[[ The input open ]]

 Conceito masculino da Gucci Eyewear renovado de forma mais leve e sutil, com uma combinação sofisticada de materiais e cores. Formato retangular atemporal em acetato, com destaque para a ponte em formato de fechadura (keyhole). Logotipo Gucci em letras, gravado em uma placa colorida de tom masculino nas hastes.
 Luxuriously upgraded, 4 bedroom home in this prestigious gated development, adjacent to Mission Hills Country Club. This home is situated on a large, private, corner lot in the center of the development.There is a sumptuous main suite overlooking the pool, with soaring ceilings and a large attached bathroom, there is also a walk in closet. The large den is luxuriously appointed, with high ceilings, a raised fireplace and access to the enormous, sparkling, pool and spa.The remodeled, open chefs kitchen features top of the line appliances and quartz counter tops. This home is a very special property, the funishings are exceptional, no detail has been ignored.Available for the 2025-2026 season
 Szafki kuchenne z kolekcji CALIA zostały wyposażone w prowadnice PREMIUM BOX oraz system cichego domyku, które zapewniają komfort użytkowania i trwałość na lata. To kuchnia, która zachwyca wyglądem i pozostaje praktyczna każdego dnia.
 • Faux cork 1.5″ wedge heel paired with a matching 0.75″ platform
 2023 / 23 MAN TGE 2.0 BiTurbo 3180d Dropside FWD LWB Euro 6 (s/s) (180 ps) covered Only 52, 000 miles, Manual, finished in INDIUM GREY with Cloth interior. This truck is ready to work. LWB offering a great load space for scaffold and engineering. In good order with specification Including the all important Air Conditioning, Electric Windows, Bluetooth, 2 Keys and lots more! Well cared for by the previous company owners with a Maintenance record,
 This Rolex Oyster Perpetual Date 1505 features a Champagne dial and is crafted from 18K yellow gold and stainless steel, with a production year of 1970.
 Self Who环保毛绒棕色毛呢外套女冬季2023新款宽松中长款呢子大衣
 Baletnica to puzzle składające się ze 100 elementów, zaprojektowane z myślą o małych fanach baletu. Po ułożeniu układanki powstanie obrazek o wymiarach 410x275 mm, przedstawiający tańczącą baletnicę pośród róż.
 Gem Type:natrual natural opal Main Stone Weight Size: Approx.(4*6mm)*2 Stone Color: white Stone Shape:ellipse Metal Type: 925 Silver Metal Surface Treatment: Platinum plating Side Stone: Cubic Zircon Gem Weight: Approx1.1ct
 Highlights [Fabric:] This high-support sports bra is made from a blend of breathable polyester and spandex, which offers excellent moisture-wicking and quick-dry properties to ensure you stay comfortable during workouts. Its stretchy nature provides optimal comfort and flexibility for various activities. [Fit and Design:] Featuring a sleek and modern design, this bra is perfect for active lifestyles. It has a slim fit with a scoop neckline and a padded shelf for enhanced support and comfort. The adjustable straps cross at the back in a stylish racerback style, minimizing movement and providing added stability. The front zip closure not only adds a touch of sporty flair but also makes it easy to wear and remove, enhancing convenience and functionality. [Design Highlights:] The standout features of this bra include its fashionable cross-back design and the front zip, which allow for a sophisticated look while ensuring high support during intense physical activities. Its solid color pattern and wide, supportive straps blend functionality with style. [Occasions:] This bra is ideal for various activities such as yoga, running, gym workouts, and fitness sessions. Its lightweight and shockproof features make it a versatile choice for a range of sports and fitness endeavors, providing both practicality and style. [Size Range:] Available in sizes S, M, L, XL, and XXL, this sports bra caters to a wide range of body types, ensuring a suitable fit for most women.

[[ The input closed ]]

* Work item: In the records above, find the line with "This Rolex Oyster"; write out exactly that line and each one after it, stopping after the line with "Gem Type:natrual natural".

* Output of the task:
 This Rolex Oyster Perpetual Date 1505 features a Champagne dial and is crafted from 18K yellow gold and stainless steel, with a production year of 1970.
 Self Who环保毛绒棕色毛呢外套女冬季2023新款宽松中长款呢子大衣
 Baletnica to puzzle składające się ze 100 elementów, zaprojektowane z myślą o małych fanach baletu. Po ułożeniu układanki powstanie obrazek o wymiarach 410x275 mm, przedstawiający tańczącą baletnicę pośród róż.
 Gem Type:natrual natural opal Main Stone Weight Size: Approx.(4*6mm)*2 Stone Color: white Stone Shape:ellipse Metal Type: 925 Silver Metal Surface Treatment: Platinum plating Side Stone: Cubic Zircon Gem Weight: Approx1.1ct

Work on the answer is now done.